Николай Иванович обмер, но не от страха, на который она надеялась как на средство справедливейшего возмездия, а от нахлынувшего блаженства. Вот это удача! Одним махом решаются все его проблемы! Он удовлетворенно сказал, неосмотрительно вызвав целый шквал возмущения:
– Прекрасно!
Она задохнулась от ярости, видя его благодушную физиономию и завопила, забыв, что у ее тонких стен есть уши:
– Что прекрасно?! Мне почти сорок четыре года! В эти годы не рожают!
Он удивился, совершенно не поняв ее запала.
– Почему? Меня мать родила в сорок восемь. Отцу было пятьдесят. И умерла, между прочим, всего год назад. Ей было девяносто семь. Отец тоже не дожил до сотни только два года. У меня в роду все долгожители. Правда, меня в детстве дразнили заскребышем. Но сейчас этого слова, мне кажется, дети и не знают.
Наталья Владимировна зло смотрела на него, всё более свирепея от его непростительной радости.
– Так это когда было! Тогда, наверное, и аборты делать было нельзя! Но я не хочу делать аборт! Это убийство, это аморально!
Он поразился. Она его что, не слышит?
– А кто говорит об аборте?!
Не слушая, она продолжала, крепко сцепив пальцы:
– Я учительница, мне нельзя рожать без мужа, да еще в сорок три года! Какой пример я подаю детям!
В этом он был с ней полностью солидарен:
– Конечно, без мужа нельзя! Нам надо срочно пожениться!
Она вскрикнула, вне себя от волнения:
– Хватит с меня этих вынужденных браков!
Николай Иванович сурово поправил:
– Ничего в этом вынужденного нет! Мы всё равно рано или поздно бы поженились! А тут просто стечение обстоятельств, очень благоприятное, на мой взгляд!
Подскочив, она кинулась к нему с воплями:
– Благоприятное?! Моя изломанная жизнь – это благоприятное стечение обстоятельств?!
Не успел он опомниться, как она довольно ощутимо заехала ему в челюсть и замахнулась, чтобы врезать еще раз, прежде чем он успел перехватить ее руки и прижать к бокам. Тогда она начала лягаться.

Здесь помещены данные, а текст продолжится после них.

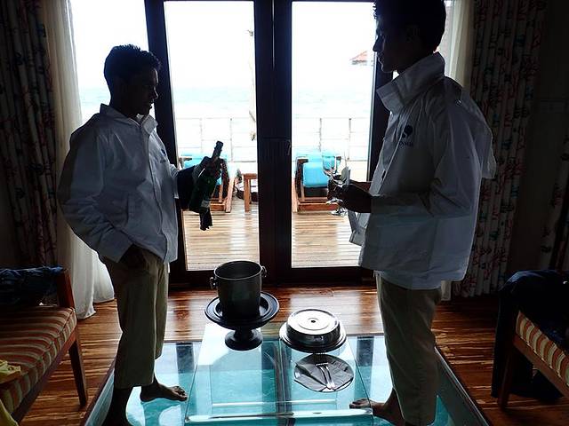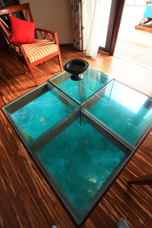 一进水屋,美呆了,水屋很大,屋内的色调给人以温馨舒适的感觉。2米的大床很适合度蜜月的人,床品也很舒适,室内空调温度也很适宜。小黑朋友送来了蜜月水果和香槟,不过住这些天都没有铺蜜月花床,上岛这天天气也不太好,头两天水屋晚上睡觉时外头狂风暴雨,不过还是不影响我的好心情。客厅有块玻璃地板可以观看水下,夜晚点亮灯时还会有很多小鱼游过来。
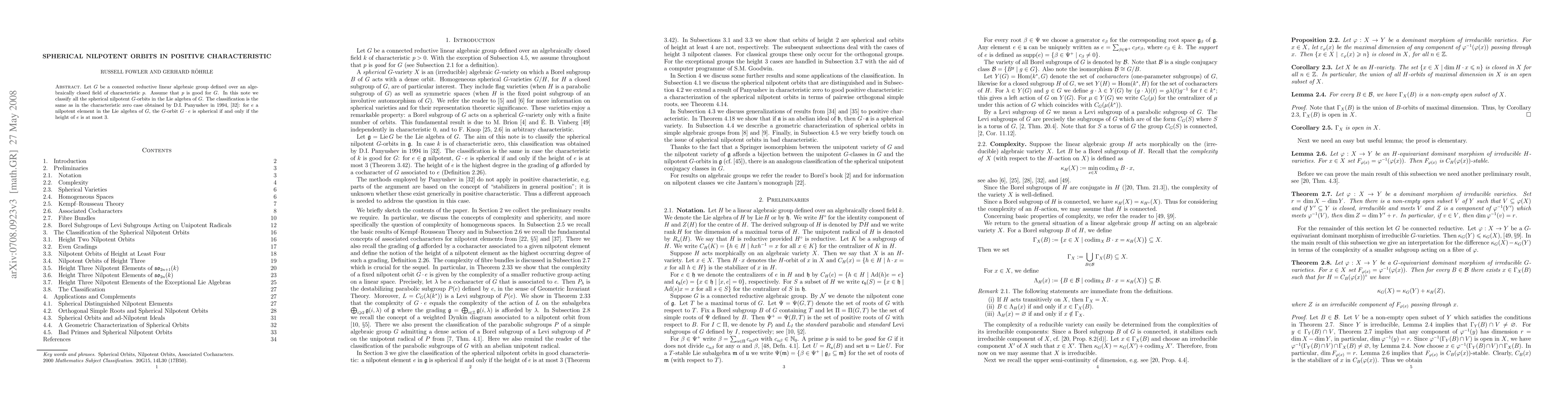This paper classifies spherical nilpotent orbits in the Lie algebra of a connected reductive group over a field of positive characteristic, demonstrating that the classification matches that found in characteristic zero, where nilpotent orbits are spherical if the nilpotent element's height is three or less.

Ноги в мягких тапках ощутимого урона нанести ему не могли, но всё же это было довольно неприятно. К тому же он боялся, что она, войдя в раж, сломает себе пальцы на ноге. Пришлось упасть вместе с ней на пол и прижать ее к ковру своим телом.
– Если бы я знал, что мне придется заниматься чем-то подобным, надел бы спортивный костюм. Конечно, у беременных женщин всякие бывают прихоти, но о тяге к вольной борьбе я что-то ни разу не слыхал.
Убедившись, что настойчивые попытки отдубасить виновника ее состояния успеха не имеют, Наталья горестно разрыдалась. Благоразумно придерживая ее во избежание нового нападения, Николай с трудом вытащил из кармана клетчатый носовой платок и сунул ей в руку.
Наталья со злостью высморкалась и мстительно засунула мокрый платок обратно ему в карман. Он только благостно вздернул брови кверху, демонстрируя стопроцентную надежность и покладистость.
– Отпусти меня! – потребовала глухим от слез, но уверенным голосом.
– А ты уверена, что это твое буйство окончательно прошло?
Она подтвердила:
– Уверена!
Николай выпустил ее, помог подняться, но не преминул заметить:
– А ведь лежать рядышком на полу было вовсе не плохо! – подвел ее к дивану, усадил, сам сел рядом, взял в свои руки ее узкие ладони и голосом мудрого исповедника попросил: – А теперь расскажи спокойно, что же тебя так расстроило?
Почувствовав, что от злости ее начинает медленно потряхивать, Наталья Владимировна испугалась за ребенка. Вырвав руки, пошла на кухню, накапала в стакан с кипяченой водой тридцать капель корвалола, залпом выпила пахучую жидкость. Чтобы успокоиться, налила воды из закипевшего чайника и бросила в кипяток пакетик ромашки. Невкусно, конечно, зато хорошо успокаивает.
Пришедший следом Николай с укором поглядел на нее и налил чаю и себе, но заварку добавил обычную, предварительно по-хозяйски пошарив по шкафам. Наталья равнодушно махнула рукой. Пусть делает что хочет, всё равно от него не отвязаться.
Они мирно попили чаю с бутербродами и вернулись в комнату, где он, успокоенный нежным румянцем, вернувшимся на ее щеки, снова спросил о том же. Она обескураженно посмотрела на него, не понимая, всерьез он это говорит или прикидывается.